◆ What you are asked to do:
Would you please return the lines of the entries below starting at the line that has "It is currently" and ending at the line that has "作為麥克克勞林的對手,普羅沃", both included, exactly as they are?

◆ Working data:

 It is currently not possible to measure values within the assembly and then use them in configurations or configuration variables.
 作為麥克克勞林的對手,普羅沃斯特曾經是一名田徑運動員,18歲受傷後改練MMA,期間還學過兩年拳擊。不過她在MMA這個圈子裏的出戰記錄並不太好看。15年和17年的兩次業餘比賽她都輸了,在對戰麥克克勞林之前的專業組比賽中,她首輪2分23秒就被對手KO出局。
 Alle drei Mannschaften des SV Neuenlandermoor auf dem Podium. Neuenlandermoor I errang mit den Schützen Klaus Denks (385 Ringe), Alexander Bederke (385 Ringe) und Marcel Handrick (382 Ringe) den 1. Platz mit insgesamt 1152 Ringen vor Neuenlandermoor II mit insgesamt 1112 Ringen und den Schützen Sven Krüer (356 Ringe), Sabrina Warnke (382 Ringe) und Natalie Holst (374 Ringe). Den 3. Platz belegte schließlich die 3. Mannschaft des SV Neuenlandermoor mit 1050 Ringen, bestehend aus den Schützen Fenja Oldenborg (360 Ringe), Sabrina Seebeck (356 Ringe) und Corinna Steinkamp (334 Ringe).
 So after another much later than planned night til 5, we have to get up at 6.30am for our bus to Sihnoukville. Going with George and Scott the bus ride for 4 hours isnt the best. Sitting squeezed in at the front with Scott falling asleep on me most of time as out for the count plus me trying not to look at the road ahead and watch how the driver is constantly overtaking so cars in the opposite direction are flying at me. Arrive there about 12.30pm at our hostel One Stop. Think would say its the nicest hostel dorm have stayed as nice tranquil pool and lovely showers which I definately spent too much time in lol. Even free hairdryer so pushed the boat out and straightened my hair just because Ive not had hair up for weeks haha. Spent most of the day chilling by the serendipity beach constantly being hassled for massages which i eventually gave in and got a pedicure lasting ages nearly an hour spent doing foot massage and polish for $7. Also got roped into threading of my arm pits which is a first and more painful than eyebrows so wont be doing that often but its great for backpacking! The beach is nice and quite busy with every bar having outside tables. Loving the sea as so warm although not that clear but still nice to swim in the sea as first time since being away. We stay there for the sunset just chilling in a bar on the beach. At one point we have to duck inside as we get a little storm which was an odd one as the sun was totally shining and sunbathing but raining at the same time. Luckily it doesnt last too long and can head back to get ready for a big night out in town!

* * *

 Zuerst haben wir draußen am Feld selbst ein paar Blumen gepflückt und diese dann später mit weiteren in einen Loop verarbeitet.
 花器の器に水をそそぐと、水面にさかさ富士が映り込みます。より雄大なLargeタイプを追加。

◆ Result of this exercise:
 It is currently not possible to measure values within the assembly and then use them in configurations or configuration variables.
 作為麥克克勞林的對手,普羅沃斯特曾經是一名田徑運動員,18歲受傷後改練MMA,期間還學過兩年拳擊。不過她在MMA這個圈子裏的出戰記錄並不太好看。15年和17年的兩次業餘比賽她都輸了,在對戰麥克克勞林之前的專業組比賽中,她首輪2分23秒就被對手KO出局。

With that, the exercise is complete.